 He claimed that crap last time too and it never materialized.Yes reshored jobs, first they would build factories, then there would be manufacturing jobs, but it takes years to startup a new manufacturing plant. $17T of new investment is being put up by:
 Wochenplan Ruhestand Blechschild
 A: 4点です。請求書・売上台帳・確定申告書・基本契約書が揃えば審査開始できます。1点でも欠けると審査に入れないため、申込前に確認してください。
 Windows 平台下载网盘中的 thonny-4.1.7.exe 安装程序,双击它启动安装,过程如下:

--

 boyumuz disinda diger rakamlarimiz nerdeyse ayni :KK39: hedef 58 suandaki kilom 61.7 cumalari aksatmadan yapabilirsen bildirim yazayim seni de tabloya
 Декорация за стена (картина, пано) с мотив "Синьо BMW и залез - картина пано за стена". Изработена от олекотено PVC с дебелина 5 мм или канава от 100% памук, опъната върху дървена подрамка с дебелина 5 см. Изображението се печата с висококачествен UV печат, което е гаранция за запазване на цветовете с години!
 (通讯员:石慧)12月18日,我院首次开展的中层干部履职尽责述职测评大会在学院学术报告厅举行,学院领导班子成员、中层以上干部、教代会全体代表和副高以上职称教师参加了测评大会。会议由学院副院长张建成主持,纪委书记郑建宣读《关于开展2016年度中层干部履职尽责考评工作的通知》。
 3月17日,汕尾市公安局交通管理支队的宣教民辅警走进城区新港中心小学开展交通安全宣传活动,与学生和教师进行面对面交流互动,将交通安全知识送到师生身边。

* * *

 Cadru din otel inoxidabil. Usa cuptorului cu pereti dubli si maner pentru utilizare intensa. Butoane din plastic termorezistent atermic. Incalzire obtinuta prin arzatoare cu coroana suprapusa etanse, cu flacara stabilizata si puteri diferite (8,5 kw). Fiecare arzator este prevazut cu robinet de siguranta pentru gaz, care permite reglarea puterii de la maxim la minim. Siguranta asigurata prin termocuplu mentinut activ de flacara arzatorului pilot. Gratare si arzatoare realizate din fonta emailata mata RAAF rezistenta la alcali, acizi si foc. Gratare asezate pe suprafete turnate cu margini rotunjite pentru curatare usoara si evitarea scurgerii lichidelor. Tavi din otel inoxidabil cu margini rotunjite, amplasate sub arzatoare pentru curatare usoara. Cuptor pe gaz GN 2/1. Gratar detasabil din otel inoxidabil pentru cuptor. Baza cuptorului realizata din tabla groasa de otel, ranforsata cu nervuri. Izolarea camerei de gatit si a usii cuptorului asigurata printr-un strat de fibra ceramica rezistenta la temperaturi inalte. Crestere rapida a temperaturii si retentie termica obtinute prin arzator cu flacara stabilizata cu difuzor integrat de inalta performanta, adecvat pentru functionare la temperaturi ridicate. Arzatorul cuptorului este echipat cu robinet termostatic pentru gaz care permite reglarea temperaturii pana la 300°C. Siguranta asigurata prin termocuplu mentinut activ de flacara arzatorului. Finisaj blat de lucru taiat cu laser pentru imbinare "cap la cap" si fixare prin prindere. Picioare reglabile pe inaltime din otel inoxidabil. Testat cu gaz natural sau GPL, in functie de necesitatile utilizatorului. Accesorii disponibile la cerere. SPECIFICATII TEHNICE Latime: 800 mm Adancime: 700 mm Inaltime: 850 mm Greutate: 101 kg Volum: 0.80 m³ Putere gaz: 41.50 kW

# PROBLEM STATEMENT
Please copy, exactly and with nothing else, the lines above beginning at the line that has "He claimed that" and ending with the line that has "Windows 平台下载网盘中的 thonny-4.1.7.exe".

# FINAL ANSWER
 He claimed that crap last time too and it never materialized.Yes reshored jobs, first they would build factories, then there would be manufacturing jobs, but it takes years to startup a new manufacturing plant. $17T of new investment is being put up by:
 Wochenplan Ruhestand Blechschild
 A: 4点です。請求書・売上台帳・確定申告書・基本契約書が揃えば審査開始できます。1点でも欠けると審査に入れないため、申込前に確認してください。
 Windows 平台下载网盘中的 thonny-4.1.7.exe 安装程序,双击它启动安装,过程如下:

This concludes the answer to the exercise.